Try it: For the records below, output word for word the lines from the one with "Кварцевые часы. Водостойкость" up to and including the one with "Zaślepka kanału z". No pictures.
━━ Material supplied
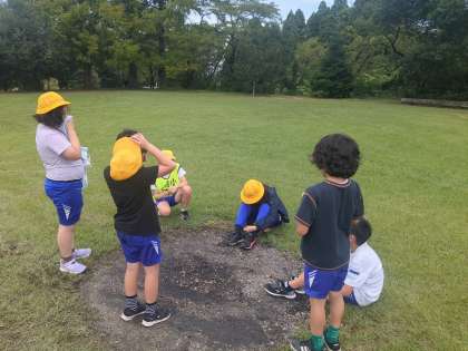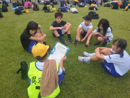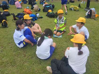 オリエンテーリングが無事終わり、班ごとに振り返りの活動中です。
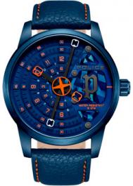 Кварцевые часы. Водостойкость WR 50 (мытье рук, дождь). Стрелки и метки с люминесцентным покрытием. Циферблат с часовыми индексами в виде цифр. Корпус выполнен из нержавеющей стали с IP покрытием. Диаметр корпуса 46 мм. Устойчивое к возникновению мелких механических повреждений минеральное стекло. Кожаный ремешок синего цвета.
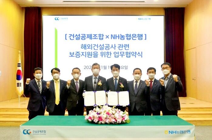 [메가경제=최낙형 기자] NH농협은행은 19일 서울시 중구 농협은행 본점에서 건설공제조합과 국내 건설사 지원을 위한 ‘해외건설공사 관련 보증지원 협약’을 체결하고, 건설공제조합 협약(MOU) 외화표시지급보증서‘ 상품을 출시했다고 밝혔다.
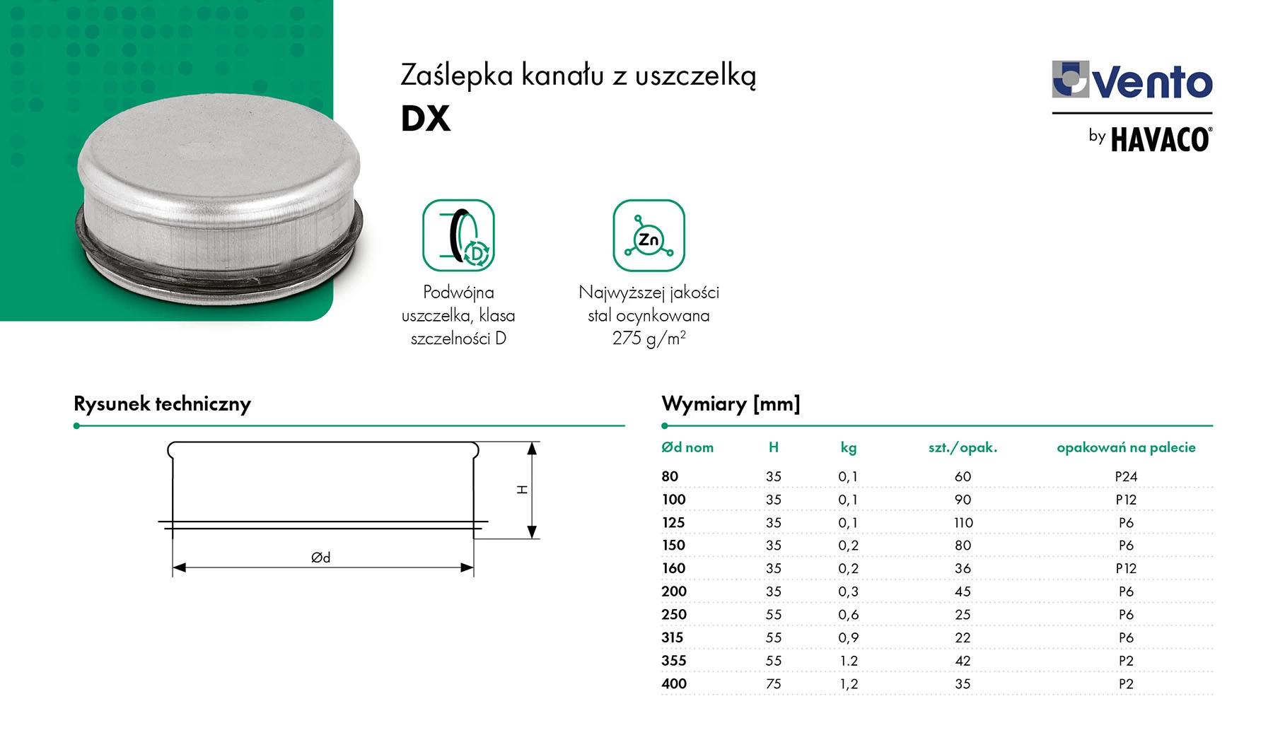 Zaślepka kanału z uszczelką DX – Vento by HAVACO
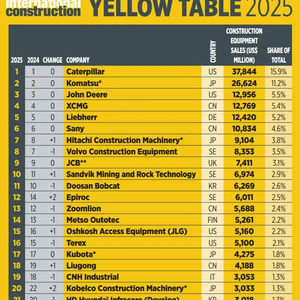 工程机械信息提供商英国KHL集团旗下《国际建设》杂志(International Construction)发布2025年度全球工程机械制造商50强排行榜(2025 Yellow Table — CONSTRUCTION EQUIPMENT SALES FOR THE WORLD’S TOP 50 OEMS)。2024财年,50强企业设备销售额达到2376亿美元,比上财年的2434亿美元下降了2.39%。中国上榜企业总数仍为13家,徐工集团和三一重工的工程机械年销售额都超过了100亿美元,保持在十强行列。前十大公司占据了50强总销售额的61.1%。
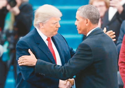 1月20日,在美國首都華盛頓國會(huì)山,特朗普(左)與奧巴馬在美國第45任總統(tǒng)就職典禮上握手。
━━━━
Task answer:
 Кварцевые часы. Водостойкость WR 50 (мытье рук, дождь). Стрелки и метки с люминесцентным покрытием. Циферблат с часовыми индексами в виде цифр. Корпус выполнен из нержавеющей стали с IP покрытием. Диаметр корпуса 46 мм. Устойчивое к возникновению мелких механических повреждений минеральное стекло. Кожаный ремешок синего цвета.
 [메가경제=최낙형 기자] NH농협은행은 19일 서울시 중구 농협은행 본점에서 건설공제조합과 국내 건설사 지원을 위한 ‘해외건설공사 관련 보증지원 협약’을 체결하고, 건설공제조합 협약(MOU) 외화표시지급보증서‘ 상품을 출시했다고 밝혔다.
 Zaślepka kanału z uszczelką DX – Vento by HAVACO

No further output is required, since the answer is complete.